EXTRACTED RECORDS START
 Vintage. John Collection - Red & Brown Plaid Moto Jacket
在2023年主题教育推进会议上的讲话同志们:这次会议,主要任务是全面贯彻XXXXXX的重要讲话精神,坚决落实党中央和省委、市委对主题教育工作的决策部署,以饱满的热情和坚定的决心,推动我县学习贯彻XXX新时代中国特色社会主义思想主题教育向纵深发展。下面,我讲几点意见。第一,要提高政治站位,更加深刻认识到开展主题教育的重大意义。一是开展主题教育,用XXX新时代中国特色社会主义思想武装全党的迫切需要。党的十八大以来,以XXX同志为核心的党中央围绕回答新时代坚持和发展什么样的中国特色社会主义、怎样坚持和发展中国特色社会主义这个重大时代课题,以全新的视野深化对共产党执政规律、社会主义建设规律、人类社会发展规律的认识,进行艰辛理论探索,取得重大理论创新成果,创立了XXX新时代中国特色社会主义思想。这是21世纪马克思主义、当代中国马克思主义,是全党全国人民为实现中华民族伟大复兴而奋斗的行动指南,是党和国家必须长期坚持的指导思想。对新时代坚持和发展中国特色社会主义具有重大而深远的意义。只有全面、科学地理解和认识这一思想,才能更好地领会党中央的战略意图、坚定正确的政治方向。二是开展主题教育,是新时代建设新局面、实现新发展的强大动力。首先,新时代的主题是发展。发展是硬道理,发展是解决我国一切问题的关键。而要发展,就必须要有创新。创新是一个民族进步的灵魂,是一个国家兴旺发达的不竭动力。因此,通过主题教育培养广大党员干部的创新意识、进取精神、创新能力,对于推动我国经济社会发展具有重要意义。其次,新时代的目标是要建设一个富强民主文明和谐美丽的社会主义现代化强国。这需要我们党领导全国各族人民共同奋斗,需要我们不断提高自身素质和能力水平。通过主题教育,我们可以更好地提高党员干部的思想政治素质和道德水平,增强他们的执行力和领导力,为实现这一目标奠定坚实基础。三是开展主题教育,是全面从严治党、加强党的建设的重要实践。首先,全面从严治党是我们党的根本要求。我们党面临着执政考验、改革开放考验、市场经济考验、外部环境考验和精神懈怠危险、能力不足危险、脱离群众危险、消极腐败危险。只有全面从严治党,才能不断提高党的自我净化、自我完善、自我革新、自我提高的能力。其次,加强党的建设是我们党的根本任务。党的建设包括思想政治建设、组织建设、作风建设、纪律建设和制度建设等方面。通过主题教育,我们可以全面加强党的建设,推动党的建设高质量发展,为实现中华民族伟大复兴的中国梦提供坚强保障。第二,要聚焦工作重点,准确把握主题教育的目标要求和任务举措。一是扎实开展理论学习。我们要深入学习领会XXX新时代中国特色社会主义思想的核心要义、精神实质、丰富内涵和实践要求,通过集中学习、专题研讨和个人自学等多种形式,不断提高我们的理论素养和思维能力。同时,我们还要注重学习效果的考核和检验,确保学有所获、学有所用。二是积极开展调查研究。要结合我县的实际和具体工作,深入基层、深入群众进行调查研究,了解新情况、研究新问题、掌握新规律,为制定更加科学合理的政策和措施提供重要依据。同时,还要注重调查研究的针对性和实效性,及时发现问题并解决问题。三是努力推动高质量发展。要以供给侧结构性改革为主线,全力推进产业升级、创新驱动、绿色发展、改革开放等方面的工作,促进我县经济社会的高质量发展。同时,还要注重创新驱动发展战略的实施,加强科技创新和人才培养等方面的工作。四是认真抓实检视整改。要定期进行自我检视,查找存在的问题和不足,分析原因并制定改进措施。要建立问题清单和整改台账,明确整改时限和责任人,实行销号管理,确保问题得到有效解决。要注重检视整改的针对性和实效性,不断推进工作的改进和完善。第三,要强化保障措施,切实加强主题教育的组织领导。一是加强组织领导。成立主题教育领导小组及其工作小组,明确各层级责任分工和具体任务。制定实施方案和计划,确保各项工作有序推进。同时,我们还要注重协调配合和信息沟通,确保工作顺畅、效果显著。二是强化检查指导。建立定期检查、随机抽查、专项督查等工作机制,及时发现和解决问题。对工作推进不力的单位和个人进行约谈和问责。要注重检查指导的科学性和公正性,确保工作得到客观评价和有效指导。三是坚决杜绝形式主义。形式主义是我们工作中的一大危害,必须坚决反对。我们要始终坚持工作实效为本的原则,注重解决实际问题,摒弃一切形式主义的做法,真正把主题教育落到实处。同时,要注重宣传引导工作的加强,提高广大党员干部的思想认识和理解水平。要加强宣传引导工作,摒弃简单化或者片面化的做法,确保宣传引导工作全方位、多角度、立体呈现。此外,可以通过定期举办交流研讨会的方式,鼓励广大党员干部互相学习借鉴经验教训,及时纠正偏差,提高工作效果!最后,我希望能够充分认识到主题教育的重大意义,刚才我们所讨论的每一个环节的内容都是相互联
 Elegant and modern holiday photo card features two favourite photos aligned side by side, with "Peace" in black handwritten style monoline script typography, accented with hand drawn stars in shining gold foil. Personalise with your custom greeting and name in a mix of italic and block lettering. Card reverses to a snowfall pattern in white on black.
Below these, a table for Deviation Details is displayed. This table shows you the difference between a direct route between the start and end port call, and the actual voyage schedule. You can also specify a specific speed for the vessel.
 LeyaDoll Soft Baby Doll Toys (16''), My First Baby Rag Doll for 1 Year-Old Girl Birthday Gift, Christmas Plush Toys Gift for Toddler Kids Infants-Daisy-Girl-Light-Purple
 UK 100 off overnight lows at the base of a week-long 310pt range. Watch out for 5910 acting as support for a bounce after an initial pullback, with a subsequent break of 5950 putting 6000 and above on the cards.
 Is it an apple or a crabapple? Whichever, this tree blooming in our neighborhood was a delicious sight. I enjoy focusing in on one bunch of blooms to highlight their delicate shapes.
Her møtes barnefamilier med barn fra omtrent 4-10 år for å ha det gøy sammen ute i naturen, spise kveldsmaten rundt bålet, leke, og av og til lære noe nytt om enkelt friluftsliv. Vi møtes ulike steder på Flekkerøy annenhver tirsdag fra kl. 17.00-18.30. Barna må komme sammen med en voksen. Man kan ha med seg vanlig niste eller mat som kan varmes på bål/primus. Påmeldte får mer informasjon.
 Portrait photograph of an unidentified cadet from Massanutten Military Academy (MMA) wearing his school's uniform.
EXTRACTED RECORDS END
EXTRACTED RECORDS START
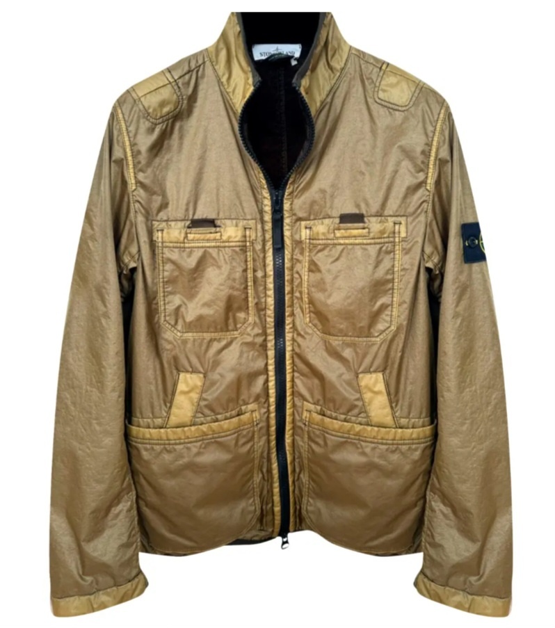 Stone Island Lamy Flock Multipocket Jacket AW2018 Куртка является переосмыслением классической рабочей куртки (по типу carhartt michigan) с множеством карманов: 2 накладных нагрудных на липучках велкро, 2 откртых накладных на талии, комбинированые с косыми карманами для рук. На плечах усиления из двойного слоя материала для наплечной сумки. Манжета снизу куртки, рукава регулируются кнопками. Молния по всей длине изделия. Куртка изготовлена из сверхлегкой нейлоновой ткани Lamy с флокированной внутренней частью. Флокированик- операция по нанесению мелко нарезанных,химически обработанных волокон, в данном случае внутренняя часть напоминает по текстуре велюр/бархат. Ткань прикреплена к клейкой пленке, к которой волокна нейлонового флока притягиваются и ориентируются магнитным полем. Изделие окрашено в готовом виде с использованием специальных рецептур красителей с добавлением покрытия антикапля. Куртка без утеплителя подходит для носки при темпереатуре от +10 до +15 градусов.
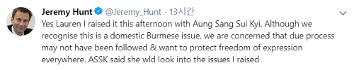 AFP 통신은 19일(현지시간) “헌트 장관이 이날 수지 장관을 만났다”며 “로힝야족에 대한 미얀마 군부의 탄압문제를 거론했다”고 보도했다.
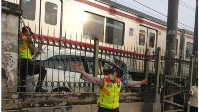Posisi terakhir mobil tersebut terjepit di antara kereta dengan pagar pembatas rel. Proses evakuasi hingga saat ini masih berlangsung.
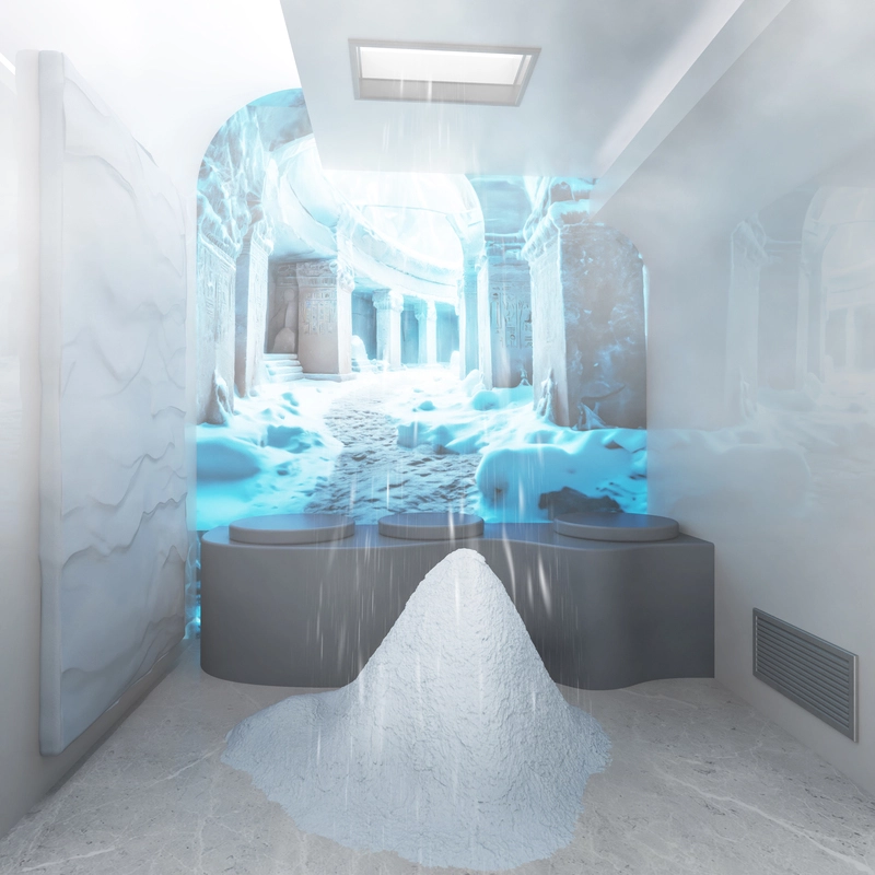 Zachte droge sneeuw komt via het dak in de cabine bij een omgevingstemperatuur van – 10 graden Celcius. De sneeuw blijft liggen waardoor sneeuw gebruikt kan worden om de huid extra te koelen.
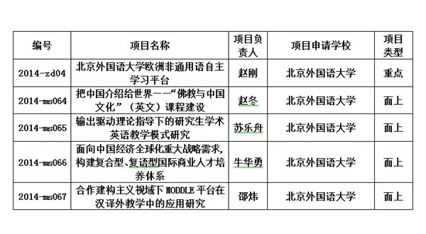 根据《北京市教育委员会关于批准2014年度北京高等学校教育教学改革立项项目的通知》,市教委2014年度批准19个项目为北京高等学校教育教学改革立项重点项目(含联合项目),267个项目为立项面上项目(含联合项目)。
EXTRACTED RECORDS END
EXTRACTED RECORDS START
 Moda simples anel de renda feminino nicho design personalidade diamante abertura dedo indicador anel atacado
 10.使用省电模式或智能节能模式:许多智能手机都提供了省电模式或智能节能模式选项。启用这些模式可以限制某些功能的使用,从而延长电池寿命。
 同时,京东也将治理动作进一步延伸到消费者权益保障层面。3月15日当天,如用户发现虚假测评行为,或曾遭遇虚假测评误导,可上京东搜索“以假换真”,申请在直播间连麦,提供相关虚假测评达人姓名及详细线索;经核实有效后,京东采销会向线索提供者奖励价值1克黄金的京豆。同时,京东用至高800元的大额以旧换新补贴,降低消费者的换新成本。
EXTRACTED RECORDS END
* _WHAT TO WORK ON_:
Extract exactly and only the lines above from the line containing "Below these, a" through the line containing "Portrait photograph of", both end lines included.

* _ANSWER TO THIS PROBLEM_:
Below these, a table for Deviation Details is displayed. This table shows you the difference between a direct route between the start and end port call, and the actual voyage schedule. You can also specify a specific speed for the vessel.
 LeyaDoll Soft Baby Doll Toys (16''), My First Baby Rag Doll for 1 Year-Old Girl Birthday Gift, Christmas Plush Toys Gift for Toddler Kids Infants-Daisy-Girl-Light-Purple
 UK 100 off overnight lows at the base of a week-long 310pt range. Watch out for 5910 acting as support for a bounce after an initial pullback, with a subsequent break of 5950 putting 6000 and above on the cards.
 Is it an apple or a crabapple? Whichever, this tree blooming in our neighborhood was a delicious sight. I enjoy focusing in on one bunch of blooms to highlight their delicate shapes.
Her møtes barnefamilier med barn fra omtrent 4-10 år for å ha det gøy sammen ute i naturen, spise kveldsmaten rundt bålet, leke, og av og til lære noe nytt om enkelt friluftsliv. Vi møtes ulike steder på Flekkerøy annenhver tirsdag fra kl. 17.00-18.30. Barna må komme sammen med en voksen. Man kan ha med seg vanlig niste eller mat som kan varmes på bål/primus. Påmeldte får mer informasjon.
 Portrait photograph of an unidentified cadet from Massanutten Military Academy (MMA) wearing his school's uniform.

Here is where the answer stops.